2.1.2. Experts Qualitative Study

A crowdsourcing participatory qualitative study with subject matter experts was conducted to assess the specific SEM components that could be relevant to the prevention of occupational zoonosis in animal production settings. The inclusion criteria aimed at selecting individuals with expertise and practical experience in animal production, zoonotic diseases, or related fields, who have contributed to interventions or research in zoonosis prevention. This included university veterinarians, epidemiologists, psychologists, and occupational health specialists involved in preventing occupational zoonoses. Their selection criteria included not only their professional roles but also their willingness and availability for participation, effective communication abilities, a minimum of three years’ experience in the field, and expertise demonstrated by the publication of at least one article in the topic within the last two years.
A responder-driven sampling strategy, akin to a snowball sampling approach, was employed. In this method, the initial participants that comply with the inclusion criteria were selected. Subsequently, each of these participants, acting as “seeds,” referred additional experts who fulfilled the stipulated criteria. This approach not only facilitated the identification of relevant subject matter experts but also maintained the study’s focus on those actively engaged in preventing occupational zoonoses. The use of responder-driven sampling allowed for the organic expansion of the participant pool, ensuring a diverse array of perspectives and insights crucial for a comprehensive qualitative assessment.
Expert participants were invited and asked to respond to a semi structured questionnaire with open-ended questions seeking to elucidate the potential relevant components of the SEM for the prevention of zoonotic diseases in farms, from the perspectives of the experts.
The responses underwent qualitative data analysis using framework-guided thematic analysis [25]. Briefly, the data, comprising expert responses, were reviewed to identify recurring patterns, nuances, and salient points. Subsequently, the SEM framework was applied as a lens through which the emerging themes and subthemes were systematically categorized and organized. These thematic insights were intricately linked to the specific levels of the Social Ecological Model, facilitating a comprehensive understanding of their alignment and relevance within this conceptual framework.

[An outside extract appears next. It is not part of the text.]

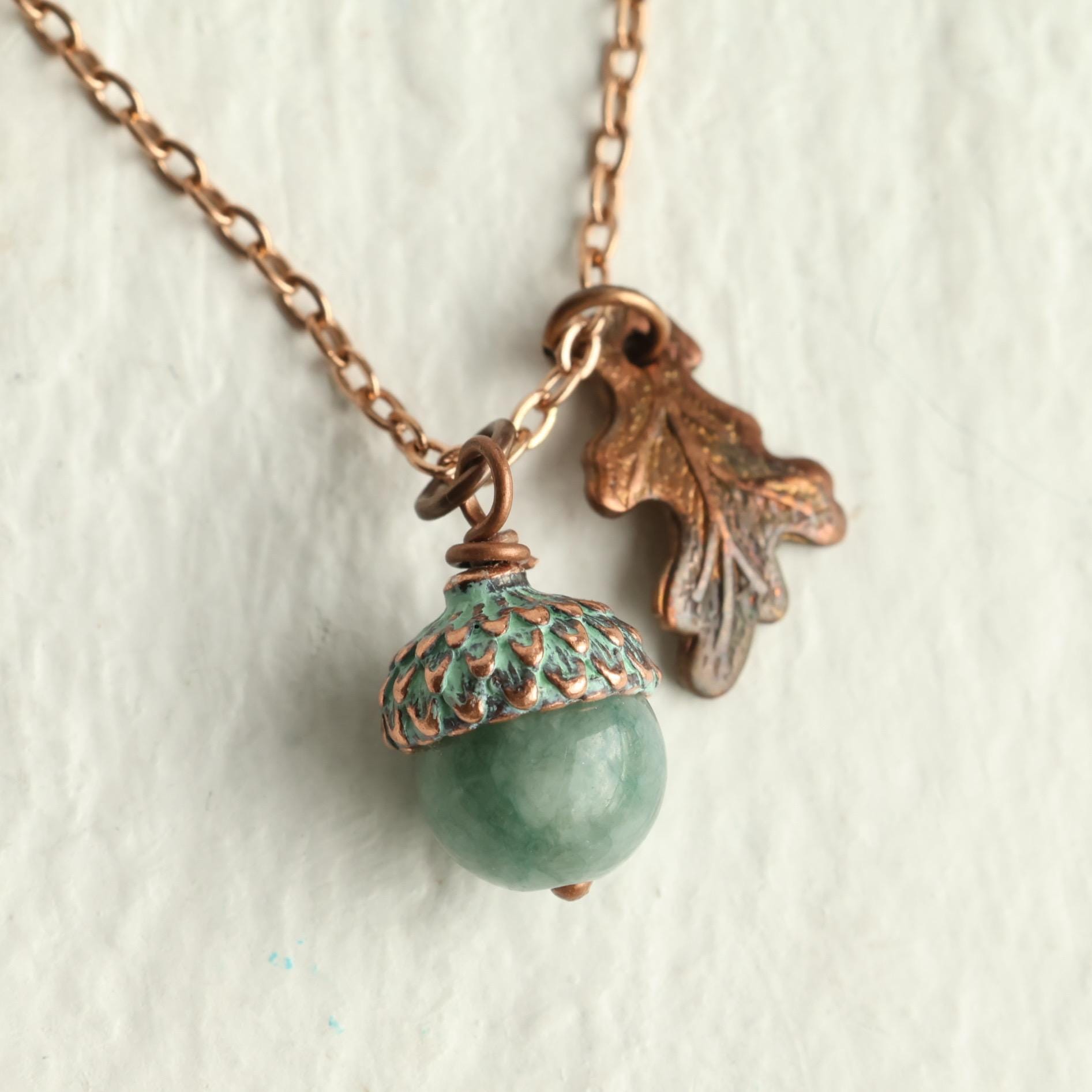 You can also choose to have a tiny copper oak leaf charm, with a darkened antique patina, to hang alongside your acorn pendant.

2.2. Item Creation and Review

Based on the findings of the previous content studies, another comprehensive scoping literature search was performed, but in this case, it was aimed to identify relevant previously validated instruments containing constructs or items identified in the content studies. For content sections not identified in the literature review, original items were drafted from scratch in English. The items were reviewed using Fowler Jr (2013) [26] recommendations, i.e., avoid double-barreled questions, low clarity, ambiguousness, use of jargon, and unbalanced or biased questions. Additionally, the items underwent a thorough quality evaluation on correct spelling, wording, structure, and grammar. The questionnaire was initially organized according to the levels of the SEM. At this stage, the items were also presented for review to four volunteer graduate students from the Departments of Animal Sciences and Clinical Sciences of Colorado State University (CSU). Suggestions, questions, comments, or concerns were recorded and later discussed and adjusted (e.g., rewording, dropping, merging, splitting, etc.).

2.3. Translation Process

The target population demographic is mostly Spanish-speaking laborers; thus, two native-speaker translators, both possessing veterinary and epidemiology backgrounds (EC and JP) and bilingual proficiency, independently translated the questionnaire into Spanish. The two versions were contrasted, and differences were discussed and conciliated. Notably, the translators took careful consideration to prevalent local cultural jargon used by the farm workers. The Spanish version was presented to a third bilingual expert with field experience (NR) for fine adjustments.

2.4. Cognitive Interviews

After approval from the CSU–Institutional Review Board (CSU-IRB), in-person cognitive interviews were conducted with five volunteer workers from a nearby dairy farm. Briefly, the participants were informed of the purpose of the interview and were prompted to provide their perception of the questionnaire’s relevance, intelligibility, and overall clarity. Field notebooks documented the interview proceedings, and the gathered data was analyzed and used for refining the questionnaire items. Remarkably, these interviews led to revisions in both the item sequence and the questionnaire’s format, enhancing its general usability.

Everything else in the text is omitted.